Njefedjewitsch umhalste Wasja und presste ihn wie ein Löwe in seiner Umarmung.

„Arkascha, abgemacht!“

„Wasjuk, das wollte ich nur noch sagen, siehst du, Wasjuk, du mein Hinkebein! Hör doch! Hör! Also.“ Arkadij blieb mit offenem Mund stehen, weil er vor Begeisterung einfach nicht mehr weiter reden konnte. Wasja hatte ihn an den Schultern genommen, ihm in beide Augen gesehen, und seine Lippen zitterten so mit, als ob er an seiner Statt spräche. „Nun“, brachte er schliesslich hervor. „Stelle mich ihnen heute vor!“

,,Arkadij! Gehen wir heute zum Tee hin! Und weisst du was? Weisst du was – wir bleiben sogar nicht einmal bis Silvester – wir gehn vorher!“ schrie Wasja, ehrlich aufatmend.

„Ganz richtig, zwei Stunden, nicht mehr, nicht weniger!“

„Und dann Trennung bis zu der Zeit, wo ich alles fertig habe!“

„Wasjuk!“

„Arkadij!“

In drei Minuten war Arkadij in Gala. Wasja säuberte sich nur noch etwas, denn er hatte doch seinen Anzug noch gar nicht abgelegt, mit solchem Eifer hatte er sich der Schreibarbeit angenommen. Sie traten eilig auf die Strasse, einer froher als der andere. Der Weg führte von der Petersburger Seite nach der Vorstadt Kolomna. Arkadij Iwanowitsch ging munter und energischen Schrittes, so dass man schon an seinem Gang die ganze Freude an Wasjas Glück erkennen konnte, der seinerseits auch immer seliger aussah. Er trippelte mit kleinen Schrittchen nebenher, jedoch ohne auch nur das geringste von seiner Würde einzubüssen. Im Gegenteil! Arkadij Iwanowitsch hatte ihn noch nie im Leben so vorteilhaft gesehen. In diesem Augenblick achtete er ihn sogar noch um ein weniges mehr.

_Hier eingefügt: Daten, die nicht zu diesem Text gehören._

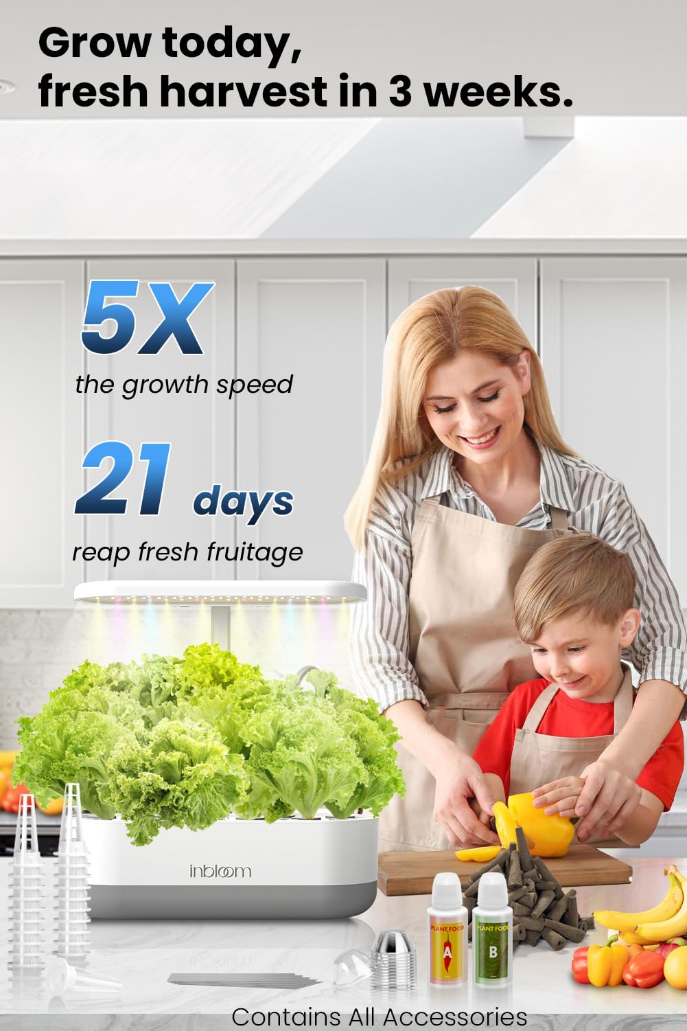 inBloom 12 Pods Hydroponics Growing System Indoor Garden with LED Grow Light and Pod Kit, Plants Germination Kit with 4.2L Water Pump Accelerate, Height Adjustable, Gardening Gifts for Women, White

Wasja hatte ja eigentlich ein körperliches Gebrechen, wovon der Leser bisher noch nichts wusste, er hinkte ein wenig, und dies hatte in dem guten Herzen Arkadij Iwanowitschs immer ein tiefes Gefühl der Liebe und des Mitleids wachgerufen. Jetzt war es sogar mehr eine tiefe Rührung, die er für den Freund hegte, und Wasja war ihrer auch durchaus würdig. Arkadij hätte am liebsten vor Glückseligkeit geweint, aber er hielt an sich.

„Wohin, wohin Wasja? Hier gehen wir doch näher!“ schrie er, als er sah, dass Wasja nach der Wosnjesenki einbog.

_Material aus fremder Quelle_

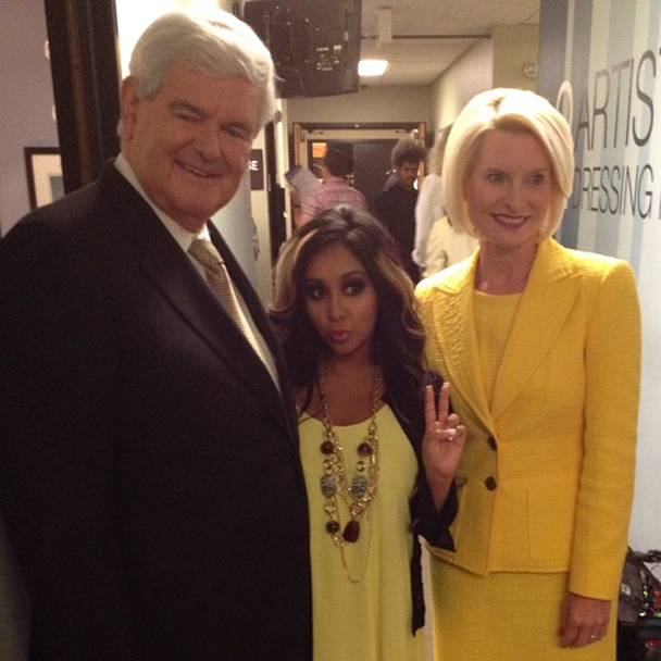 OH HEY! REMEMBER WHEN NEWT GINGRICH WAS BRIEFLY CONSIDERED A VIABLE CANDIDATE FOR THE PRESIDENT OF THE UNITED STATES?! Just kidding. No, I mean, he was, but this picture doesn't really mean anything. It's a classic case of PARTISAN POLITICS to look at this picture and think that it means anything. Because guess what: Barack Obama--excuse me--President Barack Obama referenced Snooki in a publicly televised speech, which is WAY WORSE! Admittedly, it was the White House Correspondents' Dinner, which is basically Washington DC's version of The Jay Leno Show (never forget), but still. That's the president! The good president! The one that we were like "oh man, love this guy!" So this is nothing. They met on the set of the Tonight Show with Jay Leno! Speak of the devil! Of course they did. What a great episode of the Tonight Show with Jay Leno. It's too bad they don't sell DVDs of that show! That show is a keeper. And so is this photo! What a cool press opportunity (cool press opportunity) for Snooki to look like she I don't even know what, and for the Gingriches to seem a little more youthful, a little less like a pair of philandering Crypt Keepers. Calista even tweeted it. Twitter! The kids love Twitter these days. Well, they used to. Pretty sure this tweet officially ended Twitter. Goodnight, Twitter! You were a beautiful bird that flew too close to the Provaxil. (I just made up that drug name! Because old people take drugs! And Calista and Newt are old! Please RT.) (Via @callygingrich via @artalamo.)

„Sei still, Arkascha ... sei. still!“

„Wirklich, es ist näher, Wasja.“

„Arkadij, weisst du was?“ begann Wasja vor Freude mit ganz geheimnisvoller Stimme, „weisst du was, ich möchte so gern Ljisanka ein kleines Geschenk mitbringen.“

„Was denn?“

„Hier an der Ecke ist Madame Leroux, ein wundervolles Geschäft, Bruder.“

„Na und?“

„Ein Häubchen, Engelchen, ein Häubchen. Heute habe ich so ein süsses kleines Häubchen gesehen, ich habe nachgefragt, Fasson Manon Lescaut‘ wurde mir gesagt, wie ein Wunder! Die Bänder sind kirschfarben, und wenn es nicht teuer ist, Arkascha.... und selbst wenn es teuer ist!“

„Du überragst meiner Meinung nach alle Poeten, Wasja! Gehen wir!“ Sie beeilten sich, und in zwei Minuten traten sie in den Laden.

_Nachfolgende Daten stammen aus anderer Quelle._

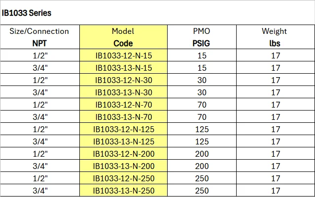 - Without Strainer: IB1031 / IB1032 / IB1033 / IB1034

Es kam ihnen eine schwarzäugige Französin mit einem Lockenkopf entgegen, die gleich beim ersten Blick auf ihre Käufer so lustig und glücklich wurde wie diese selbst, ja vielleicht sogar, wenn man sagen darf, noch etwas glücklicher. Wasja war drauf und dran, Madame Leroux abzuküssen vor Entzücken.